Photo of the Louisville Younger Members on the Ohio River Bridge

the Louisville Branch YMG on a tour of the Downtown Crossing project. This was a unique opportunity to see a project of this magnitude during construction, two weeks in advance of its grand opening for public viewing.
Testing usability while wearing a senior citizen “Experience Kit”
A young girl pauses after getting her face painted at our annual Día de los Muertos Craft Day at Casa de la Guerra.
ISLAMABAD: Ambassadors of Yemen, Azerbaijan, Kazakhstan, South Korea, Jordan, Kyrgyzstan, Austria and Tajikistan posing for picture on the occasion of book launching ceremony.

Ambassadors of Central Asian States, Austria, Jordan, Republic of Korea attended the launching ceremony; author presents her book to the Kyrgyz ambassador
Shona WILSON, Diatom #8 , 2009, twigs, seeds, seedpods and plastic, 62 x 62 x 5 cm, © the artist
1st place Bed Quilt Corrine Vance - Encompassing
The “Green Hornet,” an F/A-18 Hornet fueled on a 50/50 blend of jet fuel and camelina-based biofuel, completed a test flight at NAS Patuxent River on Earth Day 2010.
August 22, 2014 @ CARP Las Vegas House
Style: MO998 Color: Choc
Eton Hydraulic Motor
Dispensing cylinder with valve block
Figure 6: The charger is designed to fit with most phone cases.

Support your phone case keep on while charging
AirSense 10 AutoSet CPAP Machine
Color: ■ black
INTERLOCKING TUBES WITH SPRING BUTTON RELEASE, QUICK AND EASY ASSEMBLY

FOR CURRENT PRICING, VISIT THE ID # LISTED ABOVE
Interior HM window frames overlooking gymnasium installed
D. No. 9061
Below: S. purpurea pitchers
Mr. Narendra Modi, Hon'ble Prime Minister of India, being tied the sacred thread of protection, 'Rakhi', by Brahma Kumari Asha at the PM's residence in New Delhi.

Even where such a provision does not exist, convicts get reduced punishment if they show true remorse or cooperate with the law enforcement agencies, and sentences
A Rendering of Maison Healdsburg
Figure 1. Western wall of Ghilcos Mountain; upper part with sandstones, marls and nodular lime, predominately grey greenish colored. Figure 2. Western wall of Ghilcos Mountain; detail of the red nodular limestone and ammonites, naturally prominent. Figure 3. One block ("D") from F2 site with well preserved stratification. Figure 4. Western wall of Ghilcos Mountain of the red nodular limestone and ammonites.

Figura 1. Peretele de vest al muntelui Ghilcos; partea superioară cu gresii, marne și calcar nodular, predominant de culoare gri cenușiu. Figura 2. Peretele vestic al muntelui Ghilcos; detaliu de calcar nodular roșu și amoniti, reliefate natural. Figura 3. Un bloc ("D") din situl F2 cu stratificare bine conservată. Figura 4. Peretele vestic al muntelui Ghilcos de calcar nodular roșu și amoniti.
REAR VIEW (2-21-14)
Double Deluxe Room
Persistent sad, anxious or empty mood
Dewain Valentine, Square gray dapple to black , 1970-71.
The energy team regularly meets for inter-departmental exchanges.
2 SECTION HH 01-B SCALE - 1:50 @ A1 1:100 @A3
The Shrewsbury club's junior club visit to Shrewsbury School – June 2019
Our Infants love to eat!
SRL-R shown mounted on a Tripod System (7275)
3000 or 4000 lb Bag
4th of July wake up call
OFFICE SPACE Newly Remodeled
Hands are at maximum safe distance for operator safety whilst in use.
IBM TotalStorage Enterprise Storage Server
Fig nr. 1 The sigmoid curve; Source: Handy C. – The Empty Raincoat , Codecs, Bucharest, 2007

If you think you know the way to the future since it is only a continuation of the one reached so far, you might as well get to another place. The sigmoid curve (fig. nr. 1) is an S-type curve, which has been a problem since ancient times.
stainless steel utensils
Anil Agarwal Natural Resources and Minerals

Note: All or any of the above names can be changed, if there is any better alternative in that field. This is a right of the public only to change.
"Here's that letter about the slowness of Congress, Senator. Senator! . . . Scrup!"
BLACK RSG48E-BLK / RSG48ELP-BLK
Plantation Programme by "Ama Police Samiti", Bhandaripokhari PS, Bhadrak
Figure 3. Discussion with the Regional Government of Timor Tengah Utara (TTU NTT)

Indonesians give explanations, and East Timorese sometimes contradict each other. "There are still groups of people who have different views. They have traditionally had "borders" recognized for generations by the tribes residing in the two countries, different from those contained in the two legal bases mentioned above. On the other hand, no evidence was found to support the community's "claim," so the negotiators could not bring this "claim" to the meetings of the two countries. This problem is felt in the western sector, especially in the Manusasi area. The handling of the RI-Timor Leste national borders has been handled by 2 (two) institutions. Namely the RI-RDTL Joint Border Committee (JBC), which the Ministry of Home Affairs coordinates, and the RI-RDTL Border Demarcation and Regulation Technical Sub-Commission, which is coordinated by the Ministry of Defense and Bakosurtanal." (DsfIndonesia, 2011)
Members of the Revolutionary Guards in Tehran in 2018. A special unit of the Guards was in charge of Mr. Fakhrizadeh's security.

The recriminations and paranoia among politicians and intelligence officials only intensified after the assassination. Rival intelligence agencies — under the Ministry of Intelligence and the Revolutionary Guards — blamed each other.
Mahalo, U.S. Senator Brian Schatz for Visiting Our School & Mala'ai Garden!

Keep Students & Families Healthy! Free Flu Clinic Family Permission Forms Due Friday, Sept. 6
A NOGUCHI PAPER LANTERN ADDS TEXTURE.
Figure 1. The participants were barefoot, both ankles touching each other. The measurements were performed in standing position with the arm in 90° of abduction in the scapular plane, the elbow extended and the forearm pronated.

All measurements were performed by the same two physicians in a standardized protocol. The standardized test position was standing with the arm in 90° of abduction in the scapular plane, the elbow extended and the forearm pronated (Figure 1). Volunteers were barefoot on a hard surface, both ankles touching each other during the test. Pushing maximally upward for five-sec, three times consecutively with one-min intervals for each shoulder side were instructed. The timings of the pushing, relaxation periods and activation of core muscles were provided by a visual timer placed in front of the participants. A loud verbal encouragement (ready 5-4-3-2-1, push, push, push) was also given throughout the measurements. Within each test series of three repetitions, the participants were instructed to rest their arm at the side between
^^^^
# Problem requirements:
From the line that has "AirSense 10 AutoSet CPAP Machine" through the line that has "Figura 1. Peretele", copy every line exactly as it appears above, and leave out all others.

# Output below:
AirSense 10 AutoSet CPAP Machine
Color: ■ black
INTERLOCKING TUBES WITH SPRING BUTTON RELEASE, QUICK AND EASY ASSEMBLY

FOR CURRENT PRICING, VISIT THE ID # LISTED ABOVE
Interior HM window frames overlooking gymnasium installed
D. No. 9061
Below: S. purpurea pitchers
Mr. Narendra Modi, Hon'ble Prime Minister of India, being tied the sacred thread of protection, 'Rakhi', by Brahma Kumari Asha at the PM's residence in New Delhi.

Even where such a provision does not exist, convicts get reduced punishment if they show true remorse or cooperate with the law enforcement agencies, and sentences
A Rendering of Maison Healdsburg
Figure 1. Western wall of Ghilcos Mountain; upper part with sandstones, marls and nodular lime, predominately grey greenish colored. Figure 2. Western wall of Ghilcos Mountain; detail of the red nodular limestone and ammonites, naturally prominent. Figure 3. One block ("D") from F2 site with well preserved stratification. Figure 4. Western wall of Ghilcos Mountain of the red nodular limestone and ammonites.

Figura 1. Peretele de vest al muntelui Ghilcos; partea superioară cu gresii, marne și calcar nodular, predominant de culoare gri cenușiu. Figura 2. Peretele vestic al muntelui Ghilcos; detaliu de calcar nodular roșu și amoniti, reliefate natural. Figura 3. Un bloc ("D") din situl F2 cu stratificare bine conservată. Figura 4. Peretele vestic al muntelui Ghilcos de calcar nodular roșu și amoniti.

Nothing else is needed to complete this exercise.